Select * from test partition;
This uses global statistics but no predicate
select * from test s where s.amount_of_shift > 1000;
This uses a predicate for more than one partition and may use global statistics
select * from test partition (sep2009) s where s.amount_of_shift > 1000;
This uses global statistics and predicate to one partition.

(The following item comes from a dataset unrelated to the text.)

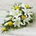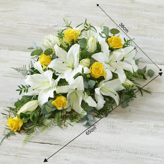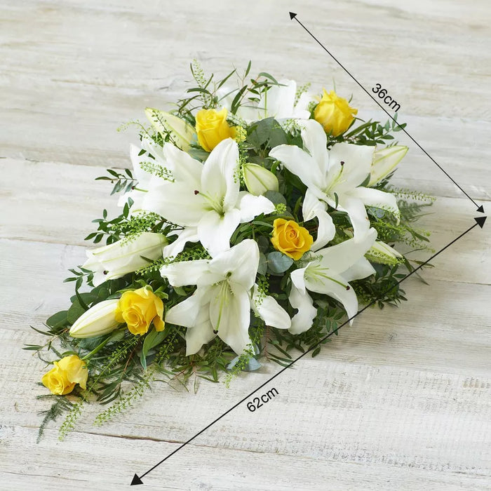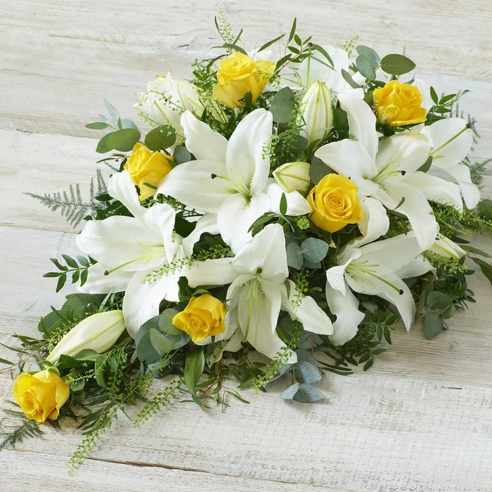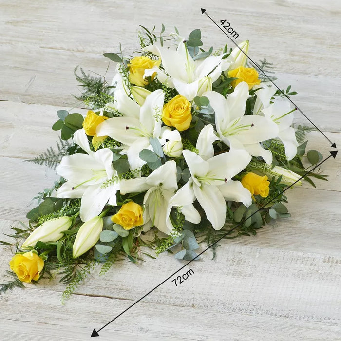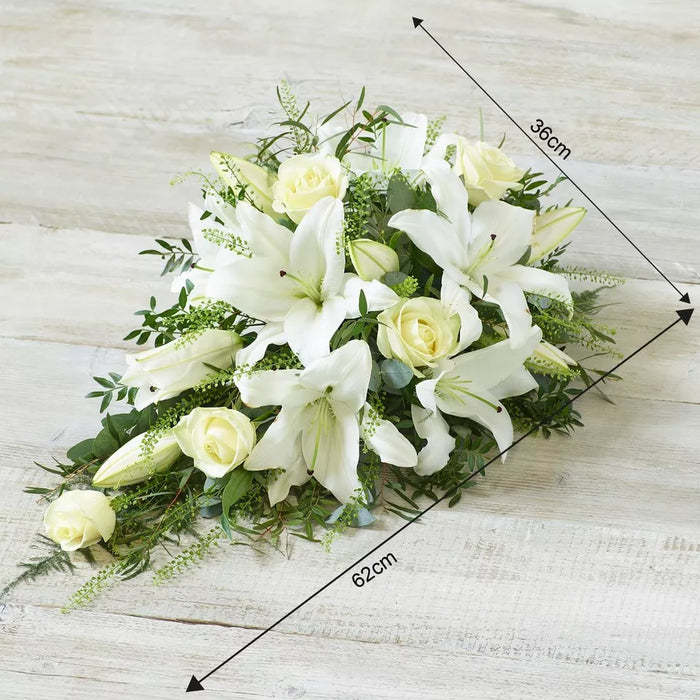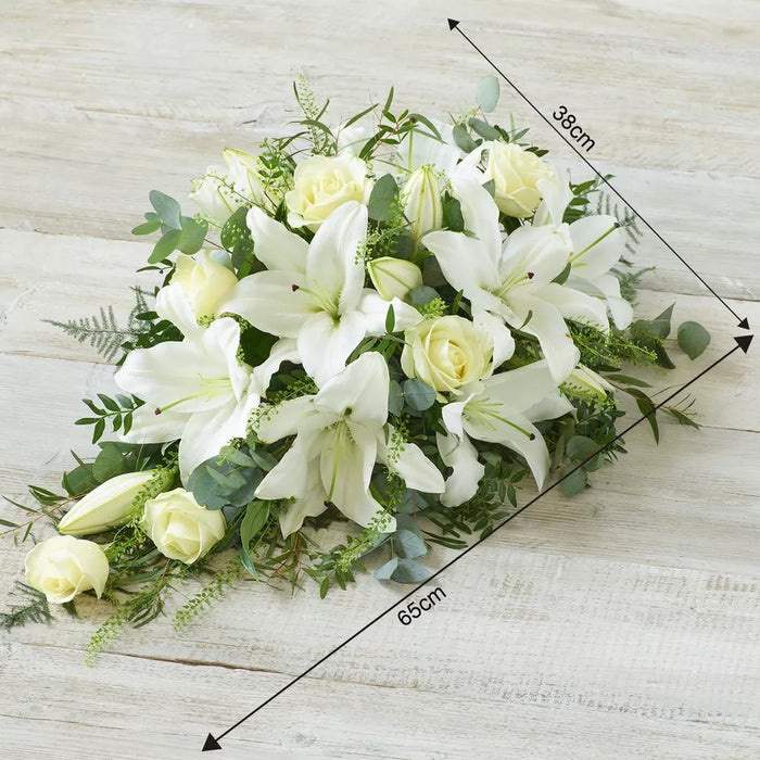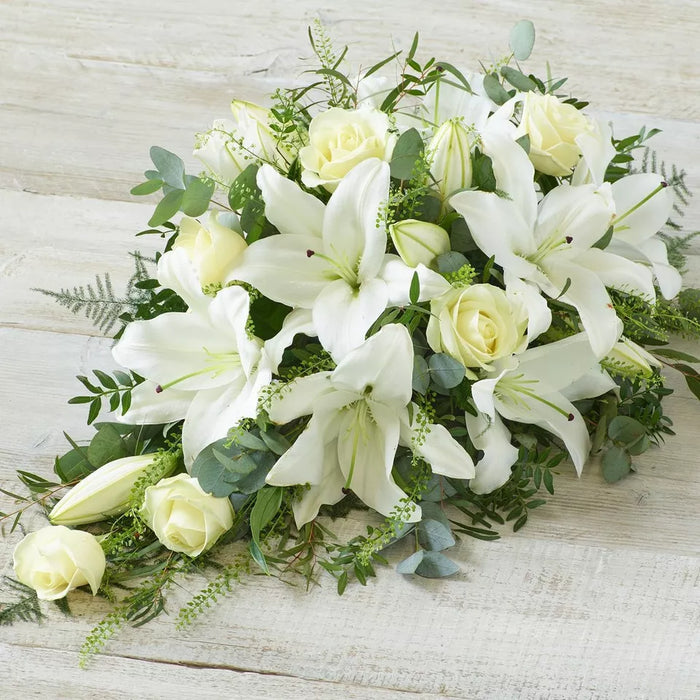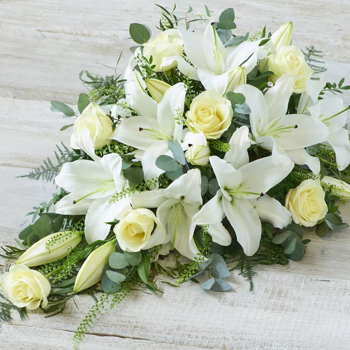 An elegant tear drop shaped arrangement featuring delicate foliage and large fragrant oriental lilies, combined with gorgeous roses.

Gathering global statistics with the DBMS_STATS package is more useful because ANALYZE always runs serially. DBMS_STATS can run in serial or parallel. Whenever possible, DBMS_STATS calls a parallel query to gather statistics with the specified degree of parallelism; otherwise, it calls a serial query or the ANALYZE statement. Index statistics are not gathered in parallel.
ANALYZE gathers statistics for the individual partitions and then calculates the global statistics from the partition statistics. DBMS_STATS can gather separate statistics for each partition as well as global statistics for the entire table or index. Depending on the SQL statement being optimized, the optimizer may choose to use either the partition (or subpartition) statistics or the global statistics.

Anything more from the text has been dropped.